• Exercise goal:
Please return the listing exactly as written, but without its pictures.
#### Provided data
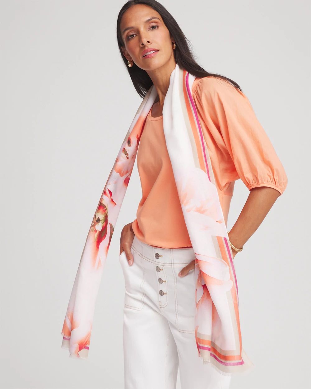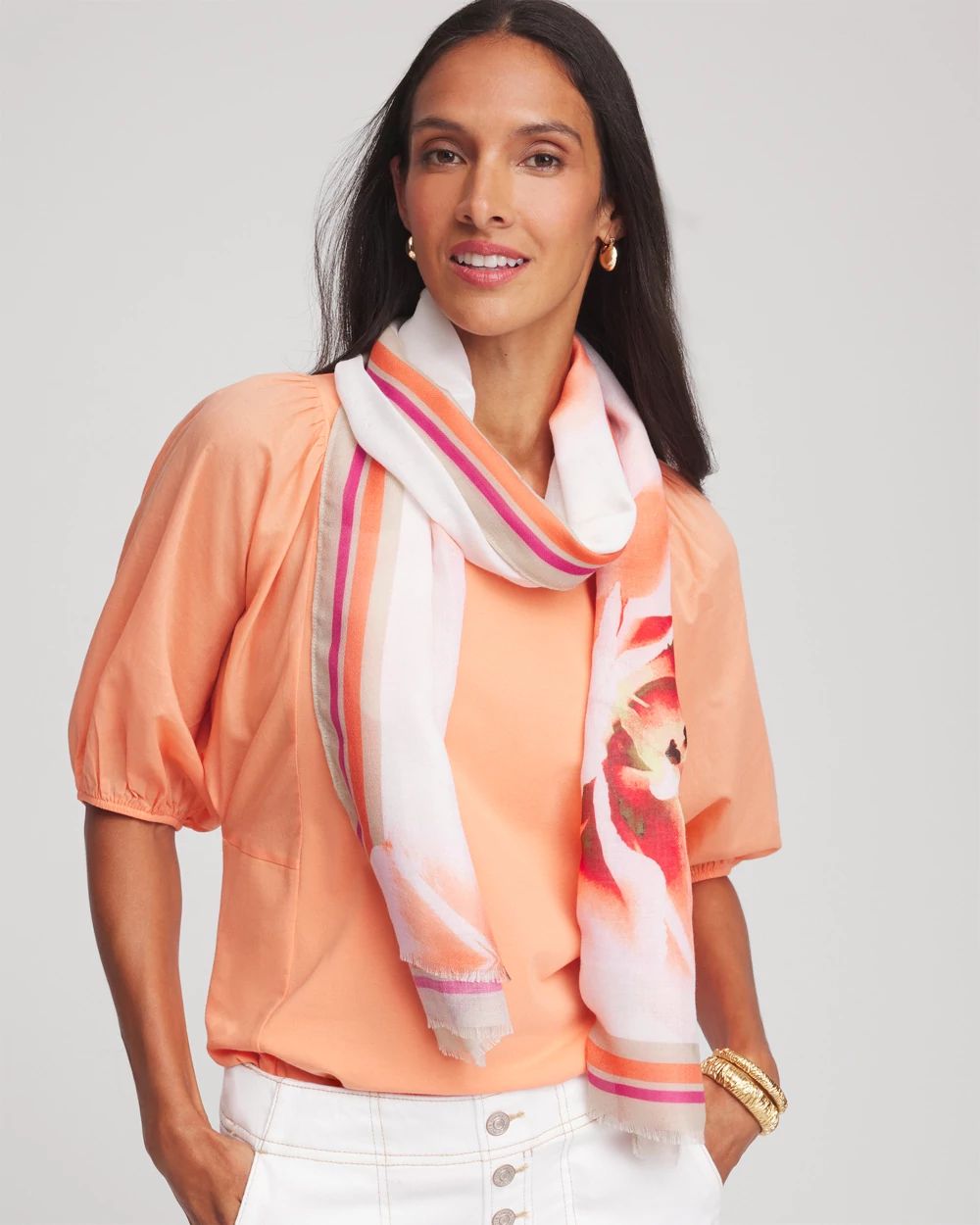 This gorgeous scarf is cozy, breezy, vibrant, and easy to fold, wrap, and style in limitless ways. Long, lightweight scarf with an eyelash finish. Wear around your neck, head, wrist, or as an accessory for your purse or beach bike. Pair with our scarf clip to add a touch of shine.
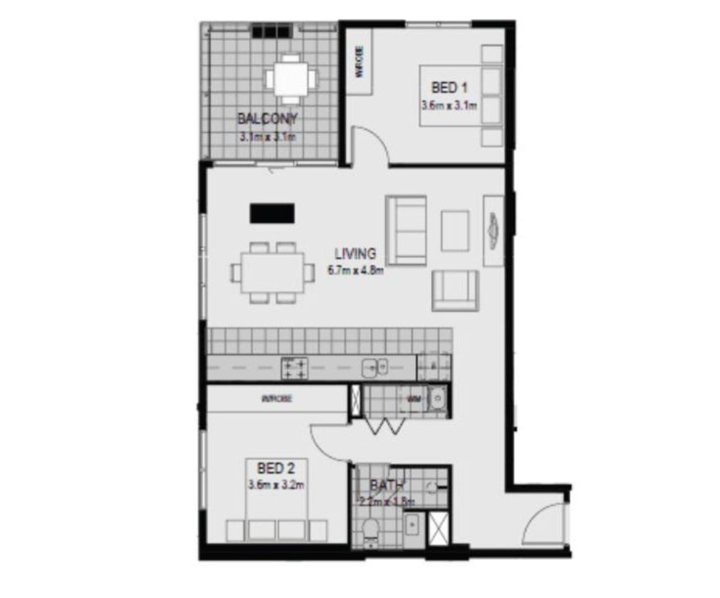 -两间卧室均带有入墙衣柜
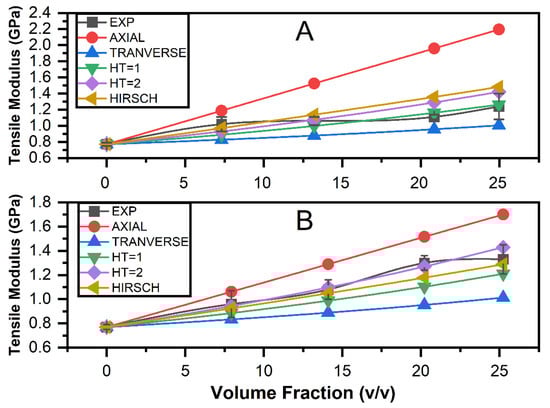 A parameter change is required to match the mathematical models with the current test results. All modifications are limited to the ROM, IROM, Halpin–Tsai, and Hirsch models. Tensile modulus predictions were made by first completing all known parameters and then entering all parameters into the model to match the data. The details of the parameter change are summarised in Table 8. Moreover, Figure 3 compares the experimental result and the value from a modified mathematical model.
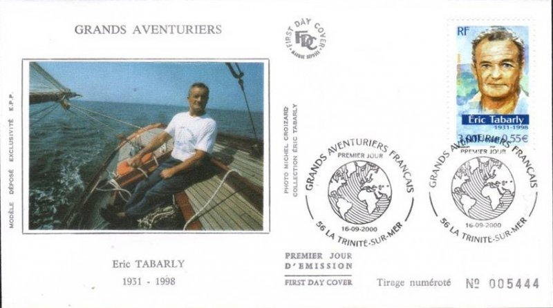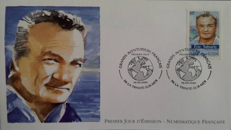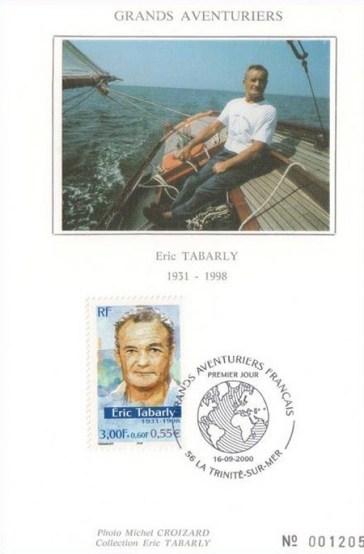 | Commentaire | Description synthétique du visuel du timbre : Éric Tabarly est né le 14 juillet 1934 à Nantes. Ingénieur de l’école navale, il est promu Lieutenant de vaisseau en 1966 puis Capitaine de frégate en 1982 et Capitaine de vaisseau (1988). Il fut vainqueur de nombreuses courses à bord de ses bateaux Pen Duick (« mésange à tête noire » en breton) : course transatlantique en solitaire en 1964 et 1977, course transpacifique en solitaire en 1969 … et s’illustra lors de courses et événements mythiques : record de vitesse, transat, course Los Angeles – Tahiti, course autour du monde. Ce marin exceptionnel par son éthique et son action, qui a favorisé le développement de la culture maritime, est mis en lumière à travers un portrait sur une évocation de mer. |
########
• Response to this task:
 This gorgeous scarf is cozy, breezy, vibrant, and easy to fold, wrap, and style in limitless ways. Long, lightweight scarf with an eyelash finish. Wear around your neck, head, wrist, or as an accessory for your purse or beach bike. Pair with our scarf clip to add a touch of shine.
 -两间卧室均带有入墙衣柜
 A parameter change is required to match the mathematical models with the current test results. All modifications are limited to the ROM, IROM, Halpin–Tsai, and Hirsch models. Tensile modulus predictions were made by first completing all known parameters and then entering all parameters into the model to match the data. The details of the parameter change are summarised in Table 8. Moreover, Figure 3 compares the experimental result and the value from a modified mathematical model.
 | Commentaire | Description synthétique du visuel du timbre : Éric Tabarly est né le 14 juillet 1934 à Nantes. Ingénieur de l’école navale, il est promu Lieutenant de vaisseau en 1966 puis Capitaine de frégate en 1982 et Capitaine de vaisseau (1988). Il fut vainqueur de nombreuses courses à bord de ses bateaux Pen Duick (« mésange à tête noire » en breton) : course transatlantique en solitaire en 1964 et 1977, course transpacifique en solitaire en 1969 … et s’illustra lors de courses et événements mythiques : record de vitesse, transat, course Los Angeles – Tahiti, course autour du monde. Ce marin exceptionnel par son éthique et son action, qui a favorisé le développement de la culture maritime, est mis en lumière à travers un portrait sur une évocation de mer. |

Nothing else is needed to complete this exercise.